Segment Start: Input

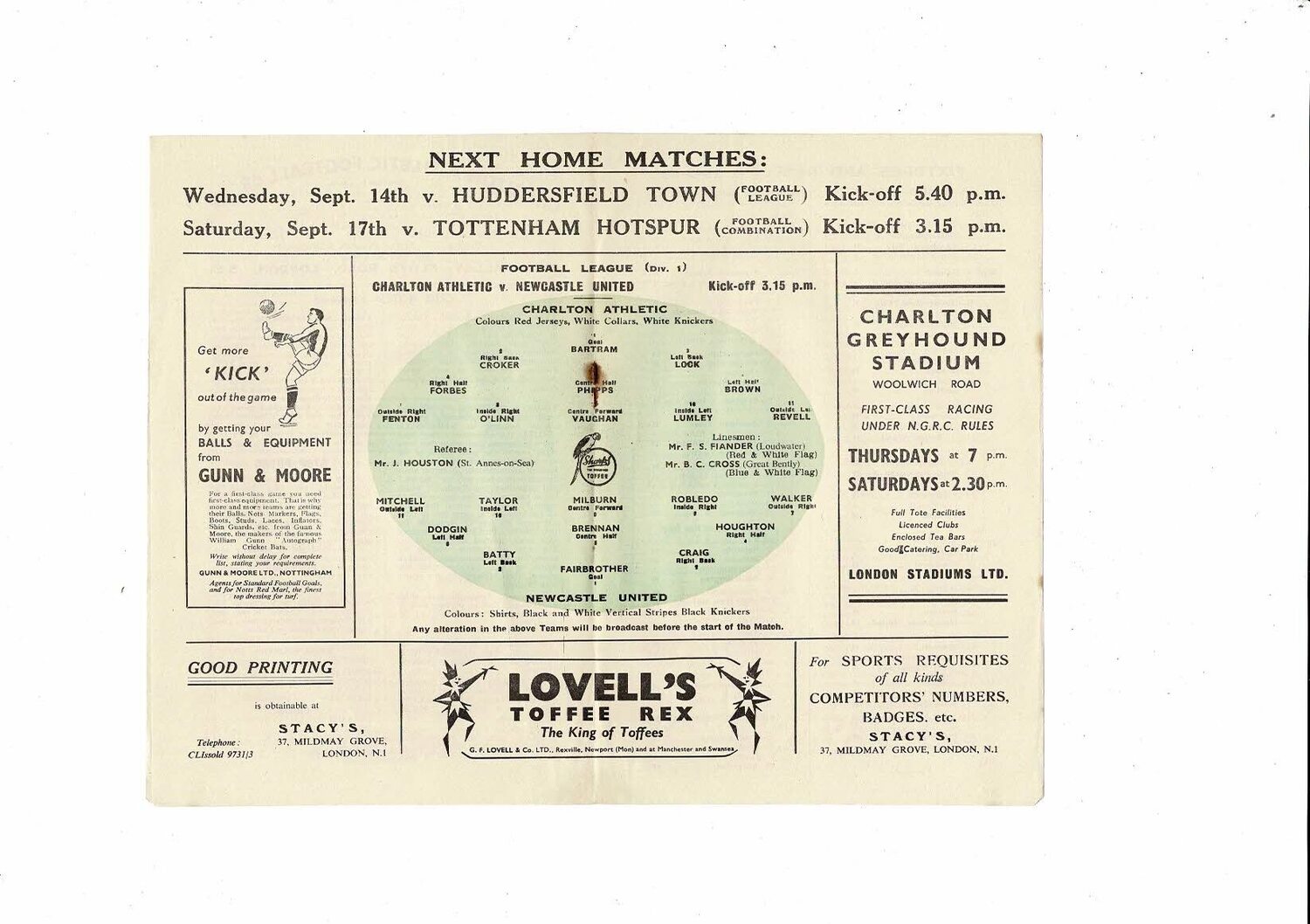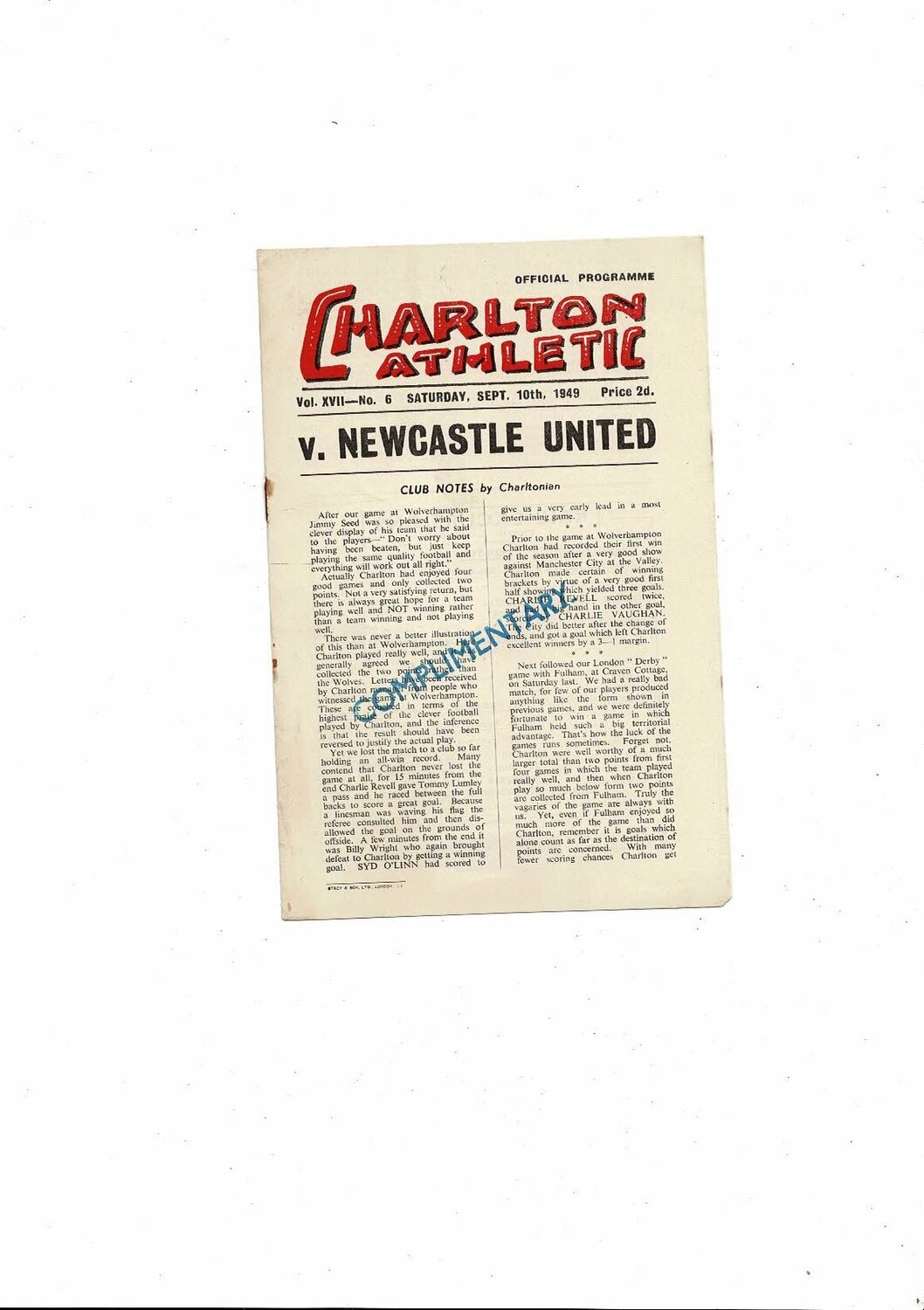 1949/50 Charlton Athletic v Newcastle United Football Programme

Segment End: Input
Segment Start: Input

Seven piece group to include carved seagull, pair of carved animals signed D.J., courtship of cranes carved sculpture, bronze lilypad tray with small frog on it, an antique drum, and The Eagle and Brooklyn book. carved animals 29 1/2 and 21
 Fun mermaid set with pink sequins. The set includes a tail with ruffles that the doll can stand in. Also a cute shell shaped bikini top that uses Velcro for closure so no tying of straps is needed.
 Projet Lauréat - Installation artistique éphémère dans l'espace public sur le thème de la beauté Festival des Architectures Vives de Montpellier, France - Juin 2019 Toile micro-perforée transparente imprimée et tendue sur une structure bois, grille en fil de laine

Segment End: Input

Exercise -
What lines of the material contain "with"? Show them.

Exercise output -
Seven piece group to include carved seagull, pair of carved animals signed D.J., courtship of cranes carved sculpture, bronze lilypad tray with small frog on it, an antique drum, and The Eagle and Brooklyn book. carved animals 29 1/2 and 21
 Fun mermaid set with pink sequins. The set includes a tail with ruffles that the doll can stand in. Also a cute shell shaped bikini top that uses Velcro for closure so no tying of straps is needed.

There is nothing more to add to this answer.